CrowdStrike blames a test software bug for that giant global mess it made
Something called 'Content Validator' did not validate the content, and the rest is history
CrowdStrike has blamed a bug in its own test software for the mass-crash-event it caused last week.
A Wednesday update to its remediation guide added a preliminary post incident review (PIR) that offers the antivirus maker's view of how it brought down 8.5 million Windows boxes.
The explanation opens by detailing that CrowdStrike's Falcon Sensor ships with "sensor content" that steers and defines its threat-detection engine's capabilities. This behavioral-based software is also updated with "rapid response content" that uses the sensor content to detect and handle specific emerging malware and other unwanted system activity. This rapid response content is delivered to users in those channel files you've been hearing about.
The base sensor content includes what's called "template types," which are blocks of code that can be customized and used by rapid response content to identify malicious stuff on a system. As such, these rapid response updates are known as "template instances" because they are "instantiations of a given template type."
Thus, the sensor content defines a bunch of code templates, and the rapid response content customizes the action of those templates so that the sensor software can detect, observe, and prevent specific system activity.
As CrowdStrike puts it, template instances configure how template types operate during runtime.

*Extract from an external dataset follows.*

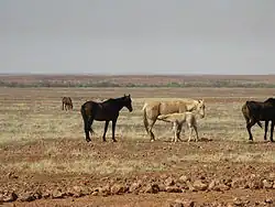 Hauptsächlich in Mittel- und Westasien basierten einige der örtlich bestehenden archäologischen Kulturen des Spätneolithikums und der Frühbronzezeit weitgehend auf der Nutzung der Pferde als Rohstoffquelle, nicht nur zu Nahrungszwecken, sondern auch für die Werkzeugherstellung. Zu den bekanntesten Kulturgruppen, die das Pferd nutzten, gehören die Chwalynsk-Kultur in Russland, die Jamnaja-Kultur und die Botai-Kultur in Nord-Kasachstan. Diskutiert wurde lange, ob die genutzten Pferde Wildfänge oder domestizierte Tiere waren. Zumindest die Pferde der sich um 3500 v. Chr. herausformenden Botai-Kultur weisen für Trensen typischen Abnutzungsspuren an den Prämolaren auf, was auch auf eine Verwendung zum Reiten deuten kann, was die Beweglichkeit beim Hüten und Aufenthaltswechsel erheblich erleichtert hätte.[12][13][14][15] Der Ansicht wird teilweise widersprochen.[16] So ergab eine anhand von Pferdefragmenten aus der Botai-Kultur durchgeführte Untersuchung im Jahr 2018, dass diese eventuell früh domestizierten Pferde nicht in der Linie der heutigen Hauspferde stehen und stattdessen die Basis des Przewalski-Pferdes bilden, das lange Zeit als ursprüngliche Wildform des Hauspferdes galt.[17] Librado et al. (2021) stellten fest, dass alle heutigen Hauspferde auf Mutationen südlich der Unterläufe des Don und der Wolga um etwa 3000 v. Chr. zurückgehen. Dort herrschte um diese Zeit die spätneolithische Jamnaja-Kultur, südlich davon die Maikop-Kultur.[18][19] Im Laufe der Zeit wurden immer wieder regional Wildformen eingekreuzt.[20][21] DNA-Analysen an Funden pleistozäner und frühholozäner Wildpferde und an Hauspferden des Neolithikums sowie der Bronze- und Eisenzeit erbrachten eine relativ hohe Farbvielfalt, die sich vermutlich erst in der Domestikation und Zucht herausgebildet hat.[22][23] Zu einem ähnlichen Ergebnis kam bereits eine Studie aus dem Jahr 2019, die darauf hinwies, dass bei heutigen Hauspferden ein bedeutender Einfluss persischer Tiere besteht, der sich erst im letzten Jahrtausend durch die teils starke islamische Prägung einiger Regionen Europas herausgebildet habe. Außerdem führten moderne Zuchtpraktiken zum Rückgang der Diversität bei den Hauspferden.[18] Mitunter geschah dies aber auch schon in fernerer Vergangenheit, wie dies am Beispiel der „leopardfleckigen“ Pferde (hauptsächlich weiße Tiere mit schwarzen Flecken, Typ Tobiano) gezeigt werden konnte. Diese sind genetisch seit dem ausgehenden Pleistozän bekannt und fanden auch Einzug in den Genpool früher Hauspferdepopulationen seit dem mittleren Neolithikum. In der Folgezeit verschwanden sie aber mehrfach und wurden offensichtlich wieder erneut eingeführt. Ein Grund für das mehrfache Wegzüchten dieses Merkmals könnte darin liegen, dass der Nachwuchs unter Umständen nachtblind ist und dadurch eventuell leichter Raubtieren zum Opfer fällt.[24][23]

In February 2024, CrowdStrike introduced and distributed a new "inter-process-communication (IPC) template type" for rapid response content to use that the vendor designed to detect "novel attack techniques that abuse Named Pipes." The IPC template type passed testing on March 5, and a rapid response template instance was released to use it.
Three more IPC template instances were deployed between April 8 and April 24. All ran without crashing 8.5 million Windows machines – although, as we reported earlier this week, some Linux machines had problems with CrowdStrike's Falcon around May and June.
On July 19, CrowdStrike introduced two more IPC template instances. One included "problematic content data," but made it into production anyway, because of what CrowdStrike described as "a bug in the content validator."
The post doesn't detail the content validator's role; we'll assume it's supposed to do what the name suggests and likely in an automated manner.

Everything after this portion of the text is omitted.